→ Entries supplied:
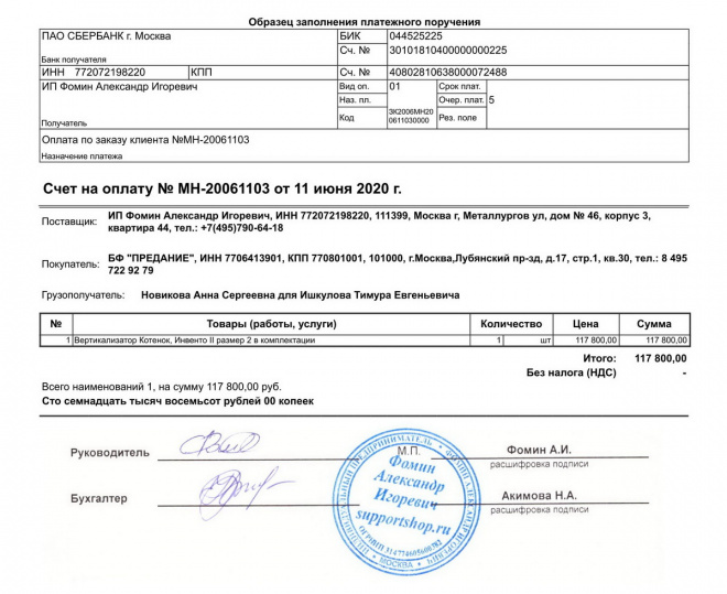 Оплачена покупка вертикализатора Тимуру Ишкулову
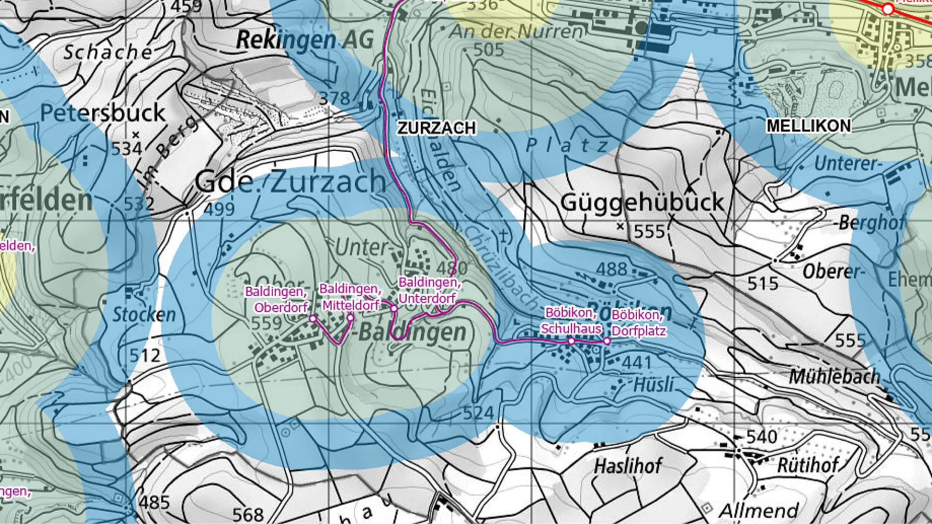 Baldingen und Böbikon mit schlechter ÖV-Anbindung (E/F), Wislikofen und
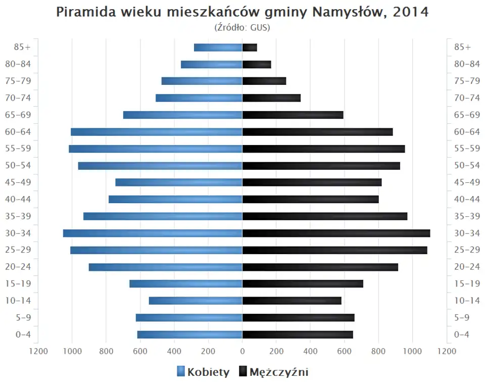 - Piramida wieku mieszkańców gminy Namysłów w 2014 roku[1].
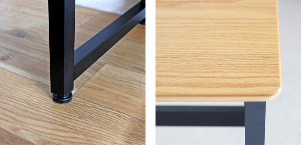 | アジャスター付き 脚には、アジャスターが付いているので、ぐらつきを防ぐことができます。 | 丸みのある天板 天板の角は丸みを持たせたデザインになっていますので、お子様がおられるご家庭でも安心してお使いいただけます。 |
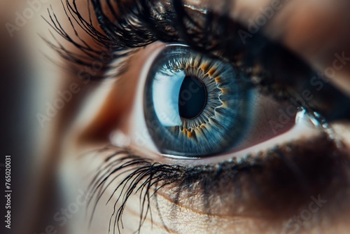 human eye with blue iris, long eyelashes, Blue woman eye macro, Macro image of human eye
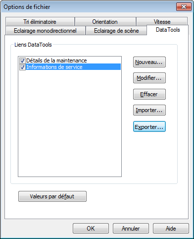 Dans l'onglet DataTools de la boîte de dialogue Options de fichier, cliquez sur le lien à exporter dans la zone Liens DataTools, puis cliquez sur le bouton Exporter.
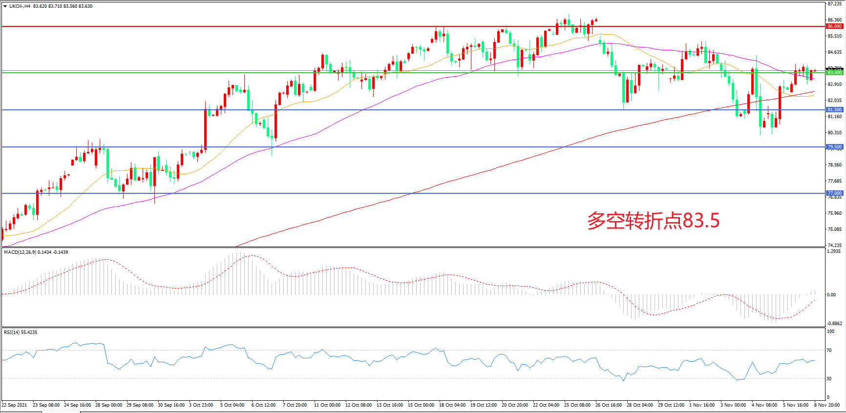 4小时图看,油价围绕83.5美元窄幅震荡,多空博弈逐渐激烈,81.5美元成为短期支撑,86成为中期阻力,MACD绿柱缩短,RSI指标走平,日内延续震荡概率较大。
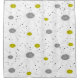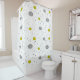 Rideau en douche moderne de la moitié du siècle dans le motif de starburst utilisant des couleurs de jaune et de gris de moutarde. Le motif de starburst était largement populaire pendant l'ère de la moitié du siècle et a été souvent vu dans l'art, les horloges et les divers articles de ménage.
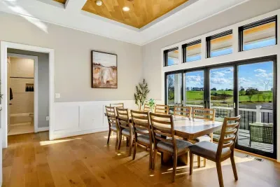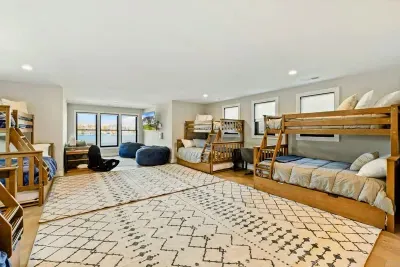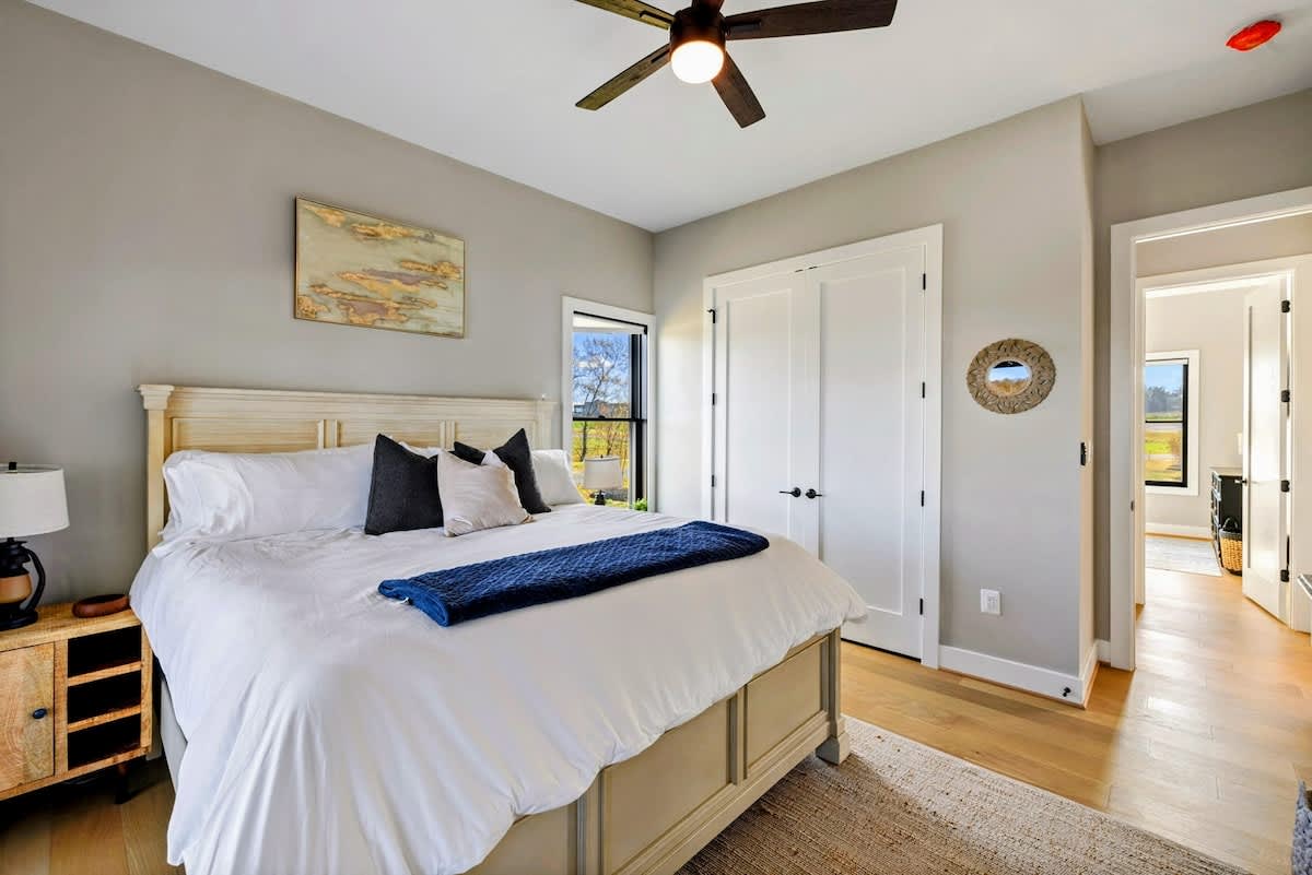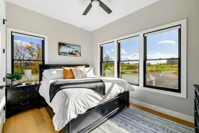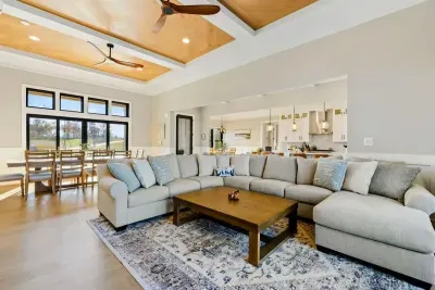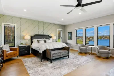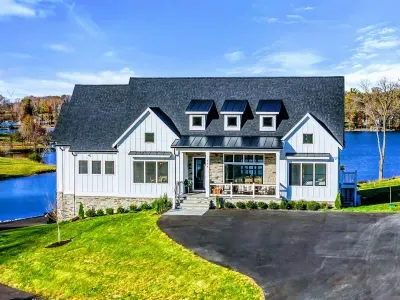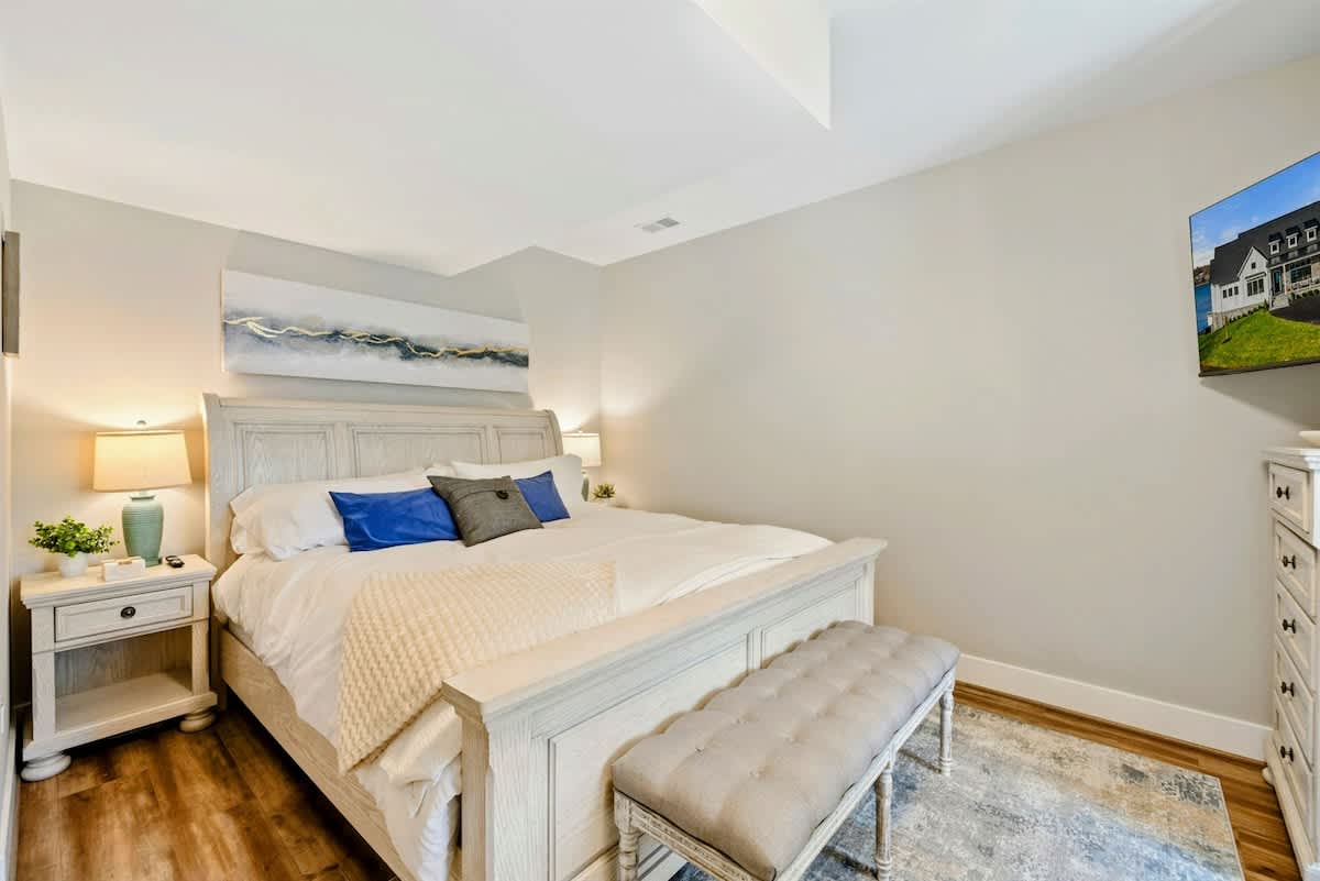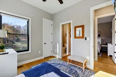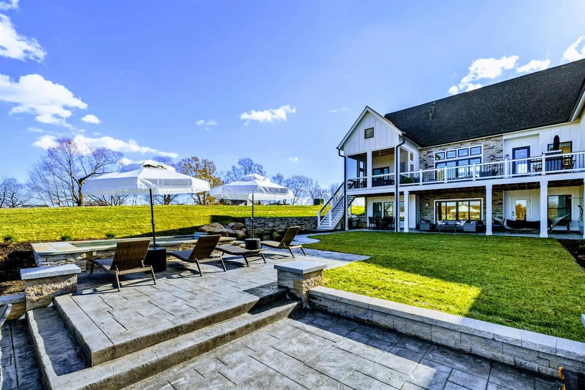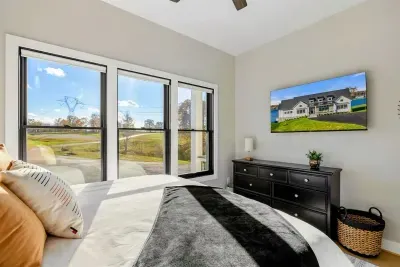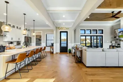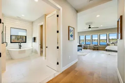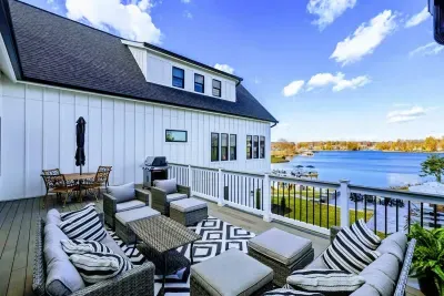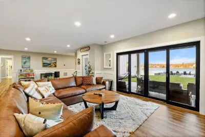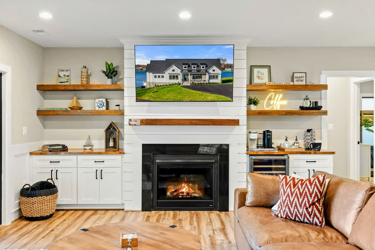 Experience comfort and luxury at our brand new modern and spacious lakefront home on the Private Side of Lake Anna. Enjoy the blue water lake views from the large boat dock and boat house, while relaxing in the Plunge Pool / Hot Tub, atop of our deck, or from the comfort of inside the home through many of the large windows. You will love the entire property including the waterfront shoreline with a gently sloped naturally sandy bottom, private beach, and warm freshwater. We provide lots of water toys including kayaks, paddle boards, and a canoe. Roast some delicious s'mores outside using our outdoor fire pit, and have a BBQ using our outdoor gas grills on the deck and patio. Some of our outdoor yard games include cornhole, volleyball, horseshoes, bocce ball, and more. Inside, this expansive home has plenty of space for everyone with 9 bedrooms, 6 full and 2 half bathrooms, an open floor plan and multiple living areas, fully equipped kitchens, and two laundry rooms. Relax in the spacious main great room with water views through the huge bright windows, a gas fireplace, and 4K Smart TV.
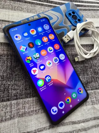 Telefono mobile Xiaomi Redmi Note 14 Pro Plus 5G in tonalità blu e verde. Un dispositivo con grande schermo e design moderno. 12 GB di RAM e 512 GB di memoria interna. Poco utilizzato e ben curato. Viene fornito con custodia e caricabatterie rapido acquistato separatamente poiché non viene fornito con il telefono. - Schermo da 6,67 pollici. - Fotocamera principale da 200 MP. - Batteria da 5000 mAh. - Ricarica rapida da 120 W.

→ What you are asked to do: The material above holds pictures; leave them out and set down exactly the lines from the line with "4小时图看,油价围绕83.5" to the line with "Rideau en douche", both included.

→ Task solution:
 4小时图看,油价围绕83.5美元窄幅震荡,多空博弈逐渐激烈,81.5美元成为短期支撑,86成为中期阻力,MACD绿柱缩短,RSI指标走平,日内延续震荡概率较大。
 Rideau en douche moderne de la moitié du siècle dans le motif de starburst utilisant des couleurs de jaune et de gris de moutarde. Le motif de starburst était largement populaire pendant l'ère de la moitié du siècle et a été souvent vu dans l'art, les horloges et les divers articles de ménage.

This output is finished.